Washington University’s history in imaging dates back more than 125 years, when physicians used X-rays in a spinal surgery at the School of Medicine. The university’s first hospital was among the early leaders in adopting X-ray technology and teaching it to students. In the 1920s, Washington University researchers were the first to use X-rays to view the gallbladder. And as early as the 1930s, university researchers and physicians used imaging technologies to diagnose pulmonary and heart diseases. In the 1970s, research by Michel Ter-Pogossian, at the university’s Mallinckrodt Institute of Radiology, led to the development of the PET scanner. PET scans now are used worldwide to detect disease and as a research tool.

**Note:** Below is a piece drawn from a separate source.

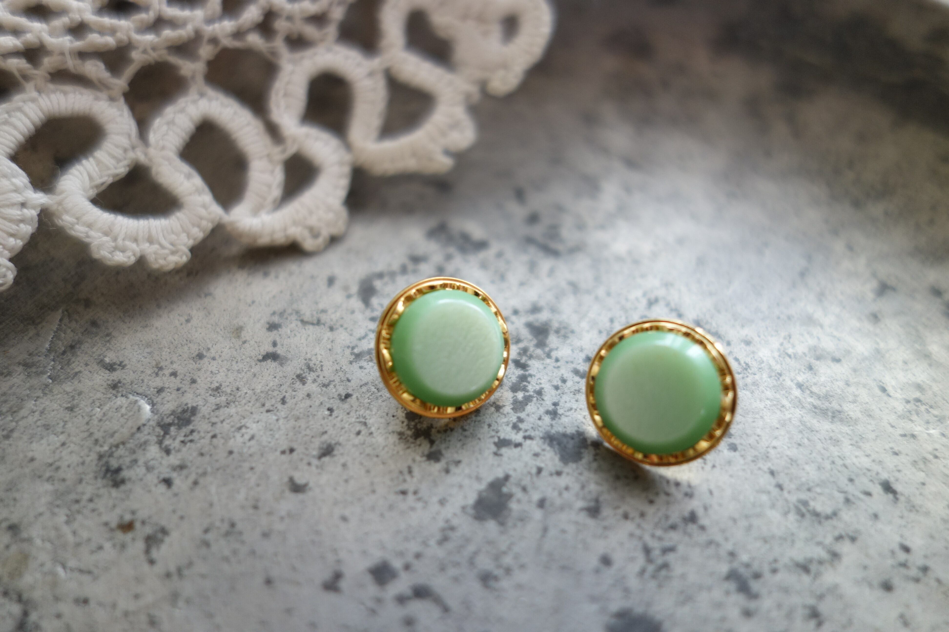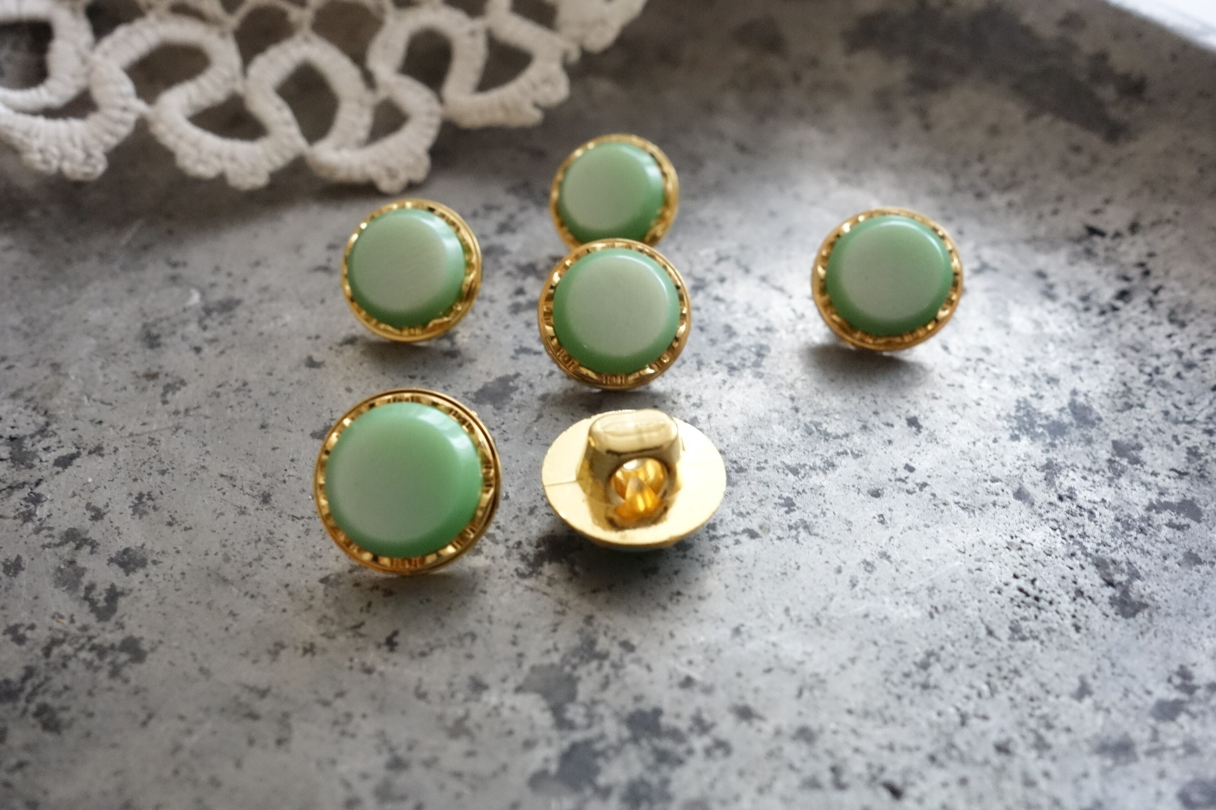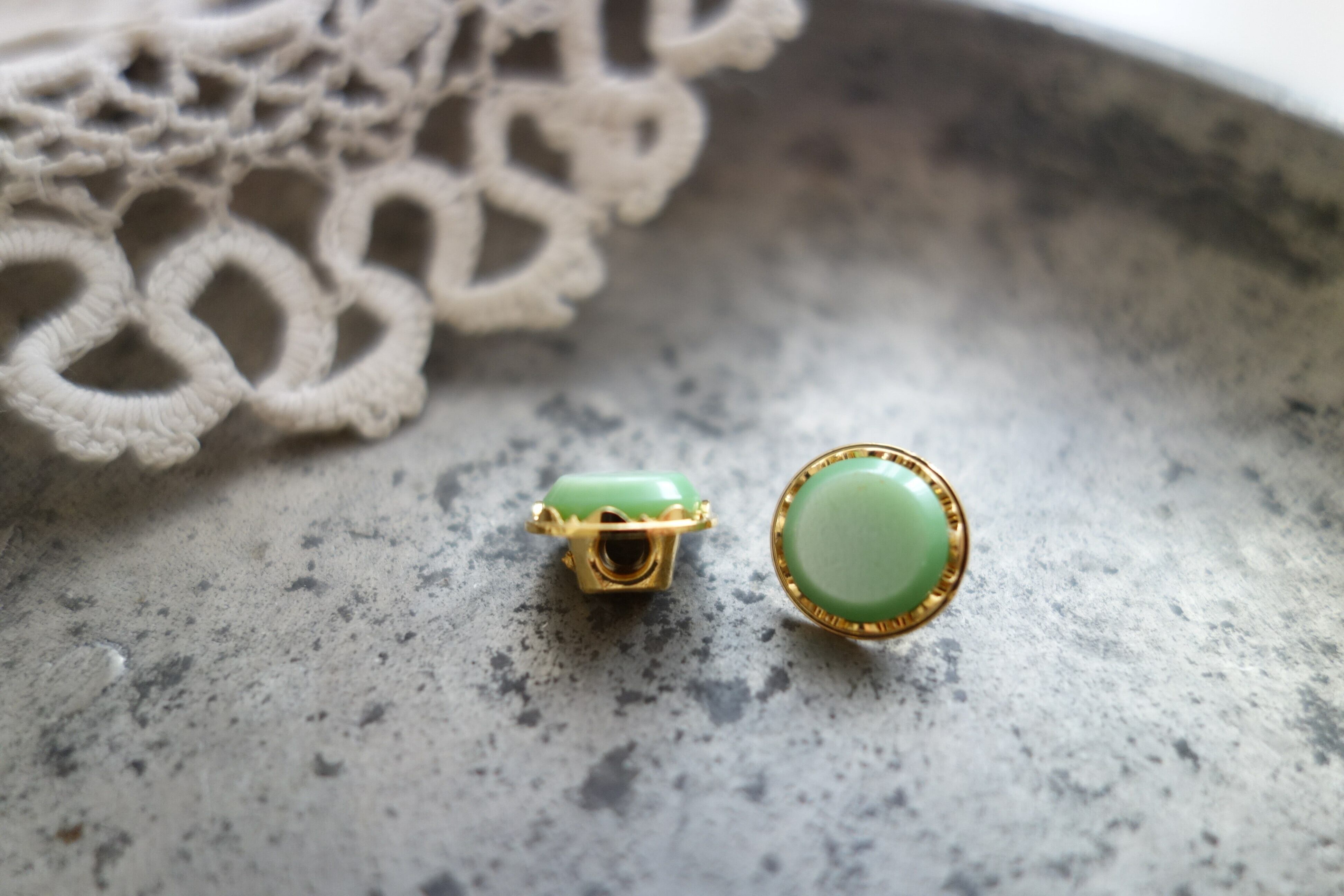 フランス 2個 ブロカント未使用ボタン A224 グリーン

More recently, Washington University researchers led the development of optical probes for imaging of gene expression in cancer cells and protein-protein interactions. In 2008, Tim Holy, now professor of neuroscience, developed the Objective Coupled Planar Illumination microscope that enables rapid imaging of tens of thousands of neurons in 3-D. His work set a world record for the largest number of neurons imaged at a single time.
The pioneering work in radiation treatment planning by Jerome Cox Jr., senior professor in computer science and engineering, paved the way for systems still used today to reconstruct images from CT and PET scanners that aid in the diagnosis of cancers and cardiovascular disease. In addition, his Laboratory Instrument Computer (LINC), developed in collaboration with researchers from the Mallinckrodt Institute of Radiology, transformed biomedical research by integrating computer science with medicine.